0
votes

I have two version of python script that scans the table in hbase by 1000 rows in while loop. 1st one using happybase as in https://happybase.readthedocs.org/en/latest/user.html#retrieving-rows

while variable:
    for key, data in hbase.table(tablename).scan(row_start=new_key, batch_size=1000, limit=1000):
        print key
    new_key = key

the 2nd one using hbase thrift interface as in http://blog.cloudera.com/blog/2014/04/how-to-use-the-hbase-thrift-interface-part-3-using-scans/

scanner_id = hbase.scannerOpenWithStop(tablename, '', '', [])
data = hbase.scannerGetList(scanner_id, 1000) 
while len(data):
    for dbpost in data:
        print row_of_dbpost
    data = hbase.scannerGetList(scanner_id, 1000)

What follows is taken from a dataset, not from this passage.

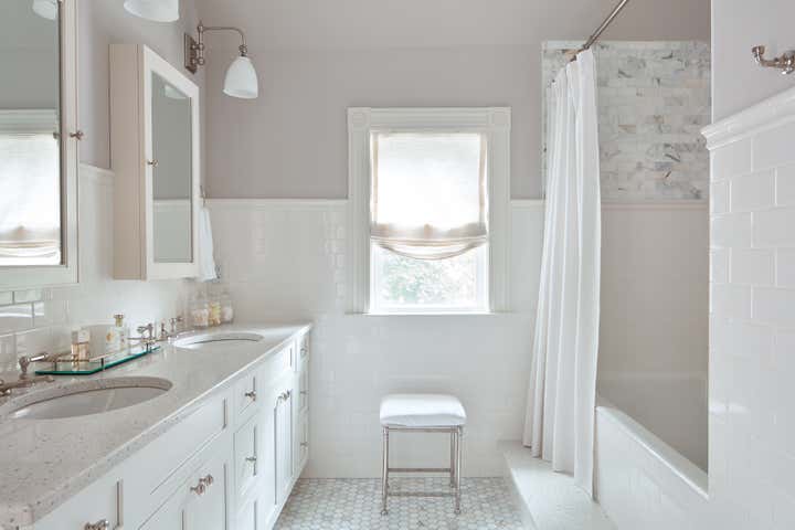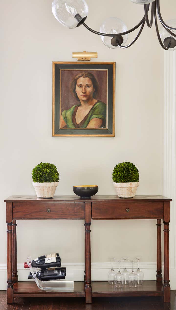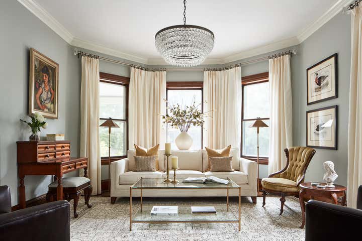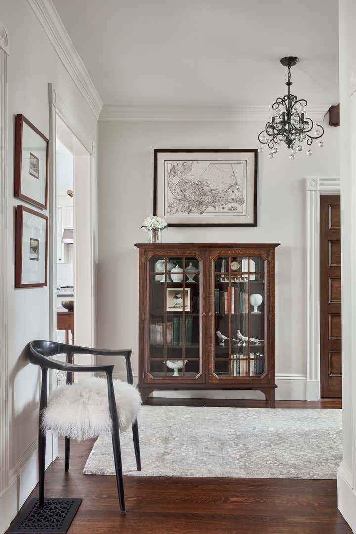 This 1902 shingle-style Victorian in Boston's suburb of Newton was completely renovated, but original details such as the quarter-sawn oak floors, doors and mouldings were restored rather than replaced. A neutral pallet allows the woodwork and carefully selected antiques to take center stage in the design.

rows in database are numbers. so my problem is that in certain row something weird is happening:

happybase prints(rows):

... 100161632382107648 
10016177552 
10016186396 
10016200693 
10016211838 
100162138374537217 (point of interest) 
193622937692155904 
193623435597983745...

and thrift_scanner prints(rows):

... 100161632382107648 
10016177552 
10016186396 
10016200693 
10016211838 
100162138374537217 (point of interest)
100162267416506368 
10016241167 
10016296927 ...

and this is happening not in the point of next 1000 rows (row_start=new_scan or next data=scannerGetList), but in the middle of batch. And it happens every time.

I would say that 2nd script with scannerGetList is doing it right.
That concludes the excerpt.